Still, what largely caused the widespread understanding of the term was the 2006 creation of a YouTube channel dedicated to discovering and leaking information on other YouTube vloggers who were considered by the group to be hateful or racist. Seeing the effectiveness of such activities, once affiliated and opposition groups began to take part in such activities, the term achieved one of the “holy grails” of Internet acceptance – a listing on Urban Dictionary – in 2008. 3 years later, in 2011, the term was added to Wiktionary.

Though, depending on an individual’s stance, certain types of doxxing may seem justified, even necessary, it is worth noting that, unlike investigative journalism, doxxing is almost always used with a negative connotation. Whereas the contacts, funding activities, association and communication of elected officials (for example) is typically seen as a good thing, such as with organisation like Wikileaks, doxxing a private citizen is usually looked at negatively. In some cases, doxxing has to some profoundly bad results, such as harassment, threats, property crime, or, in the case of Andrew Finch from Kansas, whose doxxing involved a bogus call to police that resulted in him being shot and killed, death; moreover, looking at the most recent large-scale doxxing operation, involving numerous German politicians (even Merkel herself) and media personalities, more than any damning data, the doxxing operation itself, involving the release of chat transcripts, phone numbers, bank account details, email passwords, and ID card scans via Twitter has severely shaken faith in infrastructural data security.

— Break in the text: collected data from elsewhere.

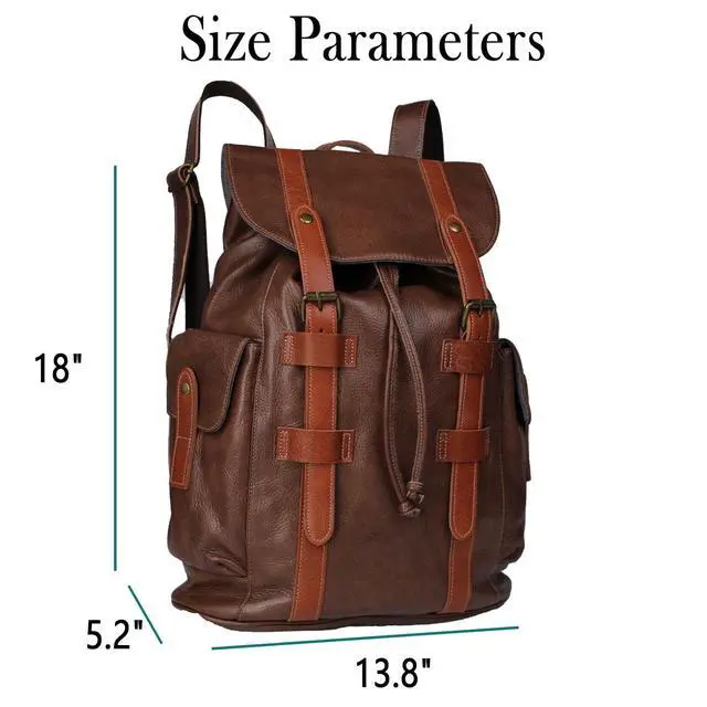 Dimensions: 18" H x 13.8" L x 5.2" W Generous capacity, Perfect for work, travel, or campus life. Holds laptops up to 16, tablets, books, and daily necessities with timeless leather elegance. ^^ Built for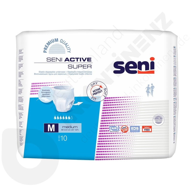 Seni Active Super ist ein absorbierender Slip aus Vliesstoff der Marke Seni.
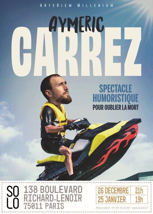 Aymeric Carrez, c'est un spectacle qui casse les codes du stand-up, caustique à souhait, parfaitement inattendu, décalé et absurde. Amateurs d'humour noir, vous serez comblés !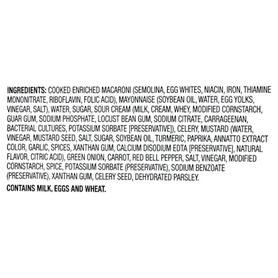 Details Ingredients Cooked Enriched Macaroni (Semolina, Egg Whites, Niacin, Iron, Thiamine Mononitrate, Riboflavin, Folic Acid), Mayonnaise (Soybean Oil, Water, Egg Yolks, Vinegar, Salt), Water, Sugar, Sour Cream (Milk, Cream, Whey, Modified Cornstarch, Guar Gum, Sodium Phosphate, Locust Bean Gum, Sodium Citrate, Carrageenan, Bacterial Cultures, Potassium Sorbate (Preservative)), Celery, Mustard (Water, Vinegar, Mustard Seed, Salt, Sugar, Soybean Oil, Turmeric, Paprika, Annatto Extract Color, Garlic, Spices, Xanthan Gum, Calcium Disodium EDTA (Preservative), Natural Fiavor, Citric Acid), Green Onion, Carrot, Red Bell Pepper, Salt, Vinegar, Modified Cornstarch, Spice, Potassium Sorbate (Preservative), Sodium Benzoate (Preservative), Xanthan Gum, Celery Seed, Dehydrated Parsley. Show more Product features Walmart Deli Macaroni Salad is made with made with our home-style recipe which gives this delicious side a smooth and creamy taste that your family is sure to enjoy. This tasty favorite is the perfect side dish for any hearty meal. Serve it with crispy chicken strips and green beans for a classically delicious meal. It is great for health conscious individuals as it is made with no artificial flavors or high fructose corn syrup. This salad also offers nutritional benefits as it is a good source of dietary vitamin A and iron. It comes ready to serve and contains three servings for your convenience. Wholesome dinner sides are made easy with Walmart Deli Macaroni Salad. Walmart Deli Macaroni Salad: Always fresh No artificial flavors or high fructose corn syrup Dinner side dish Ready to serve 3 servings per container Net weight 1 lb Net Quantity of Content ABOUT 3 X 3/4 cup
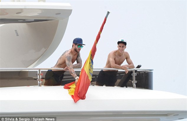 | Dàn sao Real thuê hẳn một du thuyền hạng sang để phục vụ kỳ nghỉ. Sergio Ramos không quên cắm lên thuyền lá cờ có biểu tượng của đội bóng Hoàng gia. |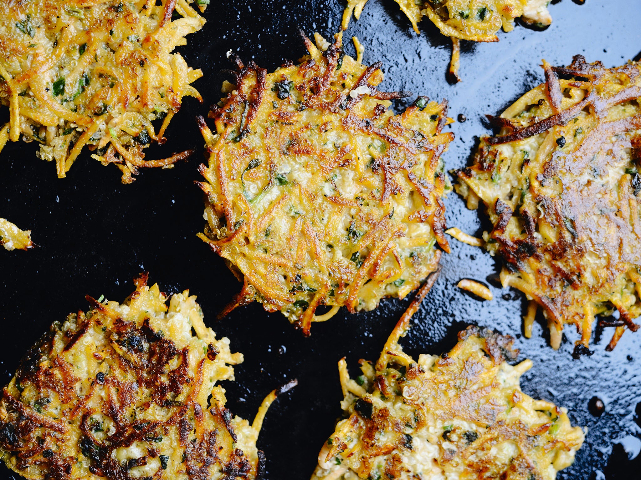 Sweet potato has a lot less starch than regular potato, so these fritters are delicate little blighters. The flour helps to bind them together, but you will still get little straggly bits around the edges. Just don’t scrimp on the oil when frying – crispy edges are surely the main point of a rosti!

Regardless of how we look at it dox/doxxing isn’t going away anytime soon, and, as the recent German doxxing demonstrates, even highly secured data channels are not fully secure. Because of that, though we can still all benefit from the veil of privacy and anonymity that the Internet offers, maybe it’s time that we paid a little more attention to the what, where, and how of our online activities and a lot more attention to protecting our sensitive information.